🤖 AI Summary
Large multimodal models (LMMs) exhibit high prompt sensitivity in multiple-choice question answering (MCQA), where minor lexical or structural prompt variations can cause accuracy fluctuations up to 15%, severely compromising evaluation fairness and cross-model comparability.
Method: We propose Promptception, a systematic framework that constructs 61 prompt templates spanning six broad categories and fifteen fine-grained subcategories. We conduct large-scale prompt sensitivity analysis across ten state-of-the-art LMMs—including GPT-4o, Gemini 1.5 Pro, and leading open-source models—on MMStar, MMMU-Pro, and MVBench benchmarks.
Contribution/Results: Our study is the first to reveal a critical trade-off: closed-source LMMs achieve higher absolute performance but demonstrate significantly lower prompt robustness, whereas open-source models exhibit greater stability. Based on these empirical findings, we derive model-type–aware prompt design principles that enhance evaluation transparency, reproducibility, and reliability.
📝 Abstract
Despite the success of Large Multimodal Models (LMMs) in recent years, prompt design for LMMs in Multiple-Choice Question Answering (MCQA) remains poorly understood.

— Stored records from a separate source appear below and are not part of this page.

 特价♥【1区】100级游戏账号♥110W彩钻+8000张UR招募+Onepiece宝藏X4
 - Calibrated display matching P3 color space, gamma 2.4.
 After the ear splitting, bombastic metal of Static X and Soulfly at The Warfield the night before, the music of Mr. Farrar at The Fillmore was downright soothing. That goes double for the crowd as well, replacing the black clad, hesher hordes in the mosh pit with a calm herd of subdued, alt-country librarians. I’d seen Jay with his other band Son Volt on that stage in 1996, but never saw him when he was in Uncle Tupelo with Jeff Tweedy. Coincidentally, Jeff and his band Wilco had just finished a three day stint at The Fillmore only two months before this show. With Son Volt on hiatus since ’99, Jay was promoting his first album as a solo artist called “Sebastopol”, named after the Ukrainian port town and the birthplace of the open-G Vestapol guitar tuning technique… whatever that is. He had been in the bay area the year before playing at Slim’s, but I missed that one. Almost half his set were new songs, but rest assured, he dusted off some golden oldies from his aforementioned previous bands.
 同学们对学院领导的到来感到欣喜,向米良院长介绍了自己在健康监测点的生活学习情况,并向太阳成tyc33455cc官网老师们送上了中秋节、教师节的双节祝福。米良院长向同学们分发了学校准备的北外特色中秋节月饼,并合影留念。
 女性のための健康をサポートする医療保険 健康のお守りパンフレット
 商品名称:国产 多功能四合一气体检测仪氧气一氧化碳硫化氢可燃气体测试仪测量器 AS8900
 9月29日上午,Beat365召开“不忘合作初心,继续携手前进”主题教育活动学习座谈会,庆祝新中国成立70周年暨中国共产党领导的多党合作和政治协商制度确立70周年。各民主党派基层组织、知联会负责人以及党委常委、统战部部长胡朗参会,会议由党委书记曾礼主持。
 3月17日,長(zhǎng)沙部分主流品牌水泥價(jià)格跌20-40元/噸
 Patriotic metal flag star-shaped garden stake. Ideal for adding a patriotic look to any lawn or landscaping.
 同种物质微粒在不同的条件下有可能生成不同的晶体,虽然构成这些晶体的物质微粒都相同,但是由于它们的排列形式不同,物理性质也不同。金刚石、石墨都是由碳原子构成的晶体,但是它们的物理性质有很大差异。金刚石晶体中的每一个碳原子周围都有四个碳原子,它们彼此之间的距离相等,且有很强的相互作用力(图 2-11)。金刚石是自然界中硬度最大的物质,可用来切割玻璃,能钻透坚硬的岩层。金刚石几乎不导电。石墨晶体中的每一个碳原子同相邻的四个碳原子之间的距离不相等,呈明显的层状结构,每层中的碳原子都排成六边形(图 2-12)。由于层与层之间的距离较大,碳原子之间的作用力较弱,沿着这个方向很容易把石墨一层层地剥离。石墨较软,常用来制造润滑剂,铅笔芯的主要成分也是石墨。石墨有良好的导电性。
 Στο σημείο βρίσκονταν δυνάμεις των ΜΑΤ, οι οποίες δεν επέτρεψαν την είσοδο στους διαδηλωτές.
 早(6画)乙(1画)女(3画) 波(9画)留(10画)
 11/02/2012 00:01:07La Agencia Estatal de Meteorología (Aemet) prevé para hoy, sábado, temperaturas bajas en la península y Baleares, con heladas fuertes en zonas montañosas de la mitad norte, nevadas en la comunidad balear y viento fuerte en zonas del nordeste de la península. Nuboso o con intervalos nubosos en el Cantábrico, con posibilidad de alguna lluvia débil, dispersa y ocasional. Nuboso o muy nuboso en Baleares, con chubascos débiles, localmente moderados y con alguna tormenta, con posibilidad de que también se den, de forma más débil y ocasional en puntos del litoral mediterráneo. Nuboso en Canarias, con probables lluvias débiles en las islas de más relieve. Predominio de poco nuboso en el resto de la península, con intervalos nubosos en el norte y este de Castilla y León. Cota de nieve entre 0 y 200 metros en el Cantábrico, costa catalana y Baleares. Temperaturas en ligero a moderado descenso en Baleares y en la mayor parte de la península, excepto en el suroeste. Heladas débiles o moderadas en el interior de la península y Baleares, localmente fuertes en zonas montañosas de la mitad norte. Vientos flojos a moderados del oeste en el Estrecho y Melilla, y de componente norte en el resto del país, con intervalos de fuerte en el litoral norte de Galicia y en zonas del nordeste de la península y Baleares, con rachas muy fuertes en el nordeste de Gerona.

We show that even minor variations in prompt phrasing and structure can lead to accuracy deviations of up to 15% for certain prompts and models. This variability poses a challenge for transparent and fair LMM evaluation, as models often report their best-case performance using carefully selected prompts. To address this, we introduce Promptception, a systematic framework for evaluating prompt sensitivity in LMMs. It consists of 61 prompt types, spanning 15 categories and 6 supercategories, each targeting specific aspects of prompt formulation, and is used to evaluate 10 LMMs ranging from lightweight open-source models to GPT-4o and Gemini 1.5 Pro, across 3 MCQA benchmarks: MMStar, MMMU-Pro, MVBench. Our findings reveal that proprietary models exhibit greater sensitivity to prompt phrasing, reflecting tighter alignment with instruction semantics, while open-source models are steadier but struggle with nuanced and complex phrasing. Based on this analysis, we propose Prompting Principles tailored to proprietary and open-source LMMs, enabling more robust and fair model evaluation.